What's that funny smell?

Jim Mullen

By Jim Mullen

Published June 2, 2015

The coupon said, "Fresh New Country Scent!" and there, floating over a background of tree-covered hills, was a giant can of room deodorizer. On the back of the coupon was a little scratch-and-sniff square. I scratched, I sniffed. It smelled for all the world like laundry soap mixed with pine needles. If they ever start making an underarm deodorant for trees, this is what it will smell like. But it's not what the country smells like.

When I hear people say they wish they lived in the country because the cities have become so dirty, I wonder -- do they know that the country has a dirt floor? It is filthy. It is full of mud, bugs, rotting pine needles, decomposing mushrooms, twigs, worms and slugs. It has dust bunnies the size of -- oh, never mind, those aren't dust bunnies, they are real bunnies. And those are real bunny droppings. And most of the other wild animals don't pick up after themselves, either. The country is where dirt comes from.

Someone over at Air Freshener Central is living in a fantasy universe where the country is taken out and dry cleaned twice a week. They are, however, right about one thing. If you want a lot of bang for your fragrance buck, you can't beat the country. It's wonderfully smelly. An ever-changing mixture of odors from septic systems, frightened skunks, mown hay, freshly spread manure, fermenting silage, stagnant water, damp leaves, compost heaps, dead fish, deer carcasses, pollen -- you name it, it's out there.

Does that sound like something you'd want to spray around your living room, even if it does remove the odor of cooking from your curtains?

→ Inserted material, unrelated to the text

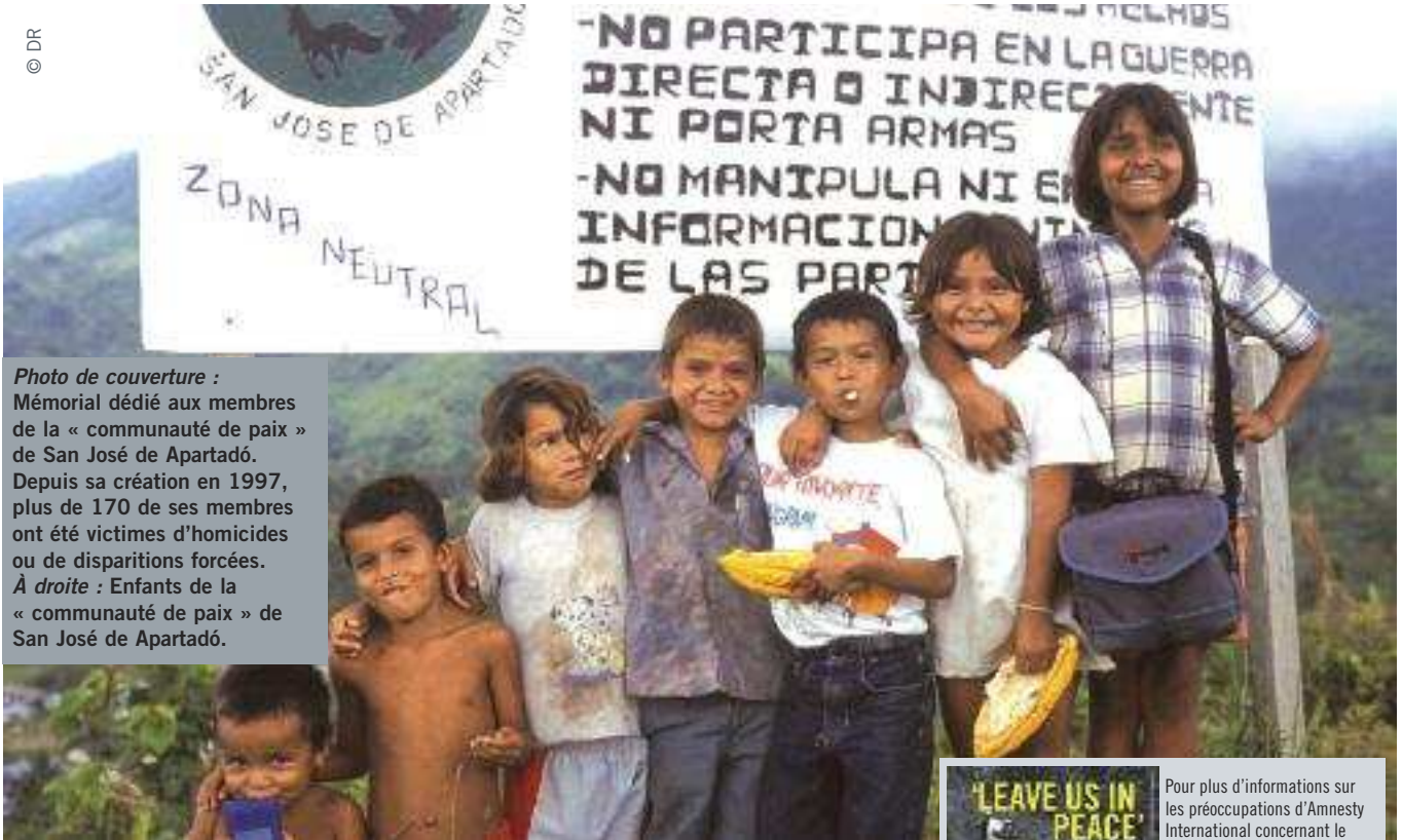
Photo de couverture : Mémorial dédié aux membres de la « communauté de paix » de San José de Apartadó. Depuis sa création en 1997, plus de 170 de ses membres ont été victimes d'homicides ou de disparitions forcées. À droite : Enfants de la « communauté de paix » de San José de Apartadó.

And what are you cooking that smells so horrible? Maybe it's time you got a new recipe book or stop cooking the chitlins indoors. Trust me, no one ever walks into a bakery and says, "Ugh, this place stinks!" And yet no one sells "Donut Shop" air freshener. It's always pine needles. What is it with pine needles? Why not coffee air freshener, or toast or bacon?

I do worry about household odors, not like I worry about nuclear war or tornadoes or Ebola. Still, we don't want visitors to our house saying things like, "Oh, they're nice enough, but that cat smell ..." Hey, it's not the cat -- it's her box. You'd think someone would make cat litter that smells better than what the cat does in it. Alas, cat litter science has been a miserable failure.

Sure, there are pleasant country odors, too -- burning wood in the fall, flowers in the spring, new-mown hay in the summer, crisp, clear, cold fresh snow in the winter, but when you hear advertisers romanticize the country, cover your eyes and ears. Every time you hear the words "fresh mountain stream water," ask yourself where frogs live and die before you start guzzling it.

Of course, the air freshener industry doesn't really care what the country smells like. All they know is that an air freshener called "Scent of the City" would sit on the store shelf from now until the end of time. The mental whiff of garbage piled up on street corners mixed with smog, bubble gum-covered sidewalks baking in the hot sun, rolling clouds of bus exhaust, gutters full of fast-food containers and unscooped dog poop would be a hard sell.

The funny thing is, they would make it smell exactly like "Fresh New Country Scent" -- a woodsy, pine-needle scent with a hint of a doorman's uniform and new-car plastic. The only thing different about it would be that instead of a picture of trees and mountains, the can of "Scent of the City" would feature a picture of a big city skyline.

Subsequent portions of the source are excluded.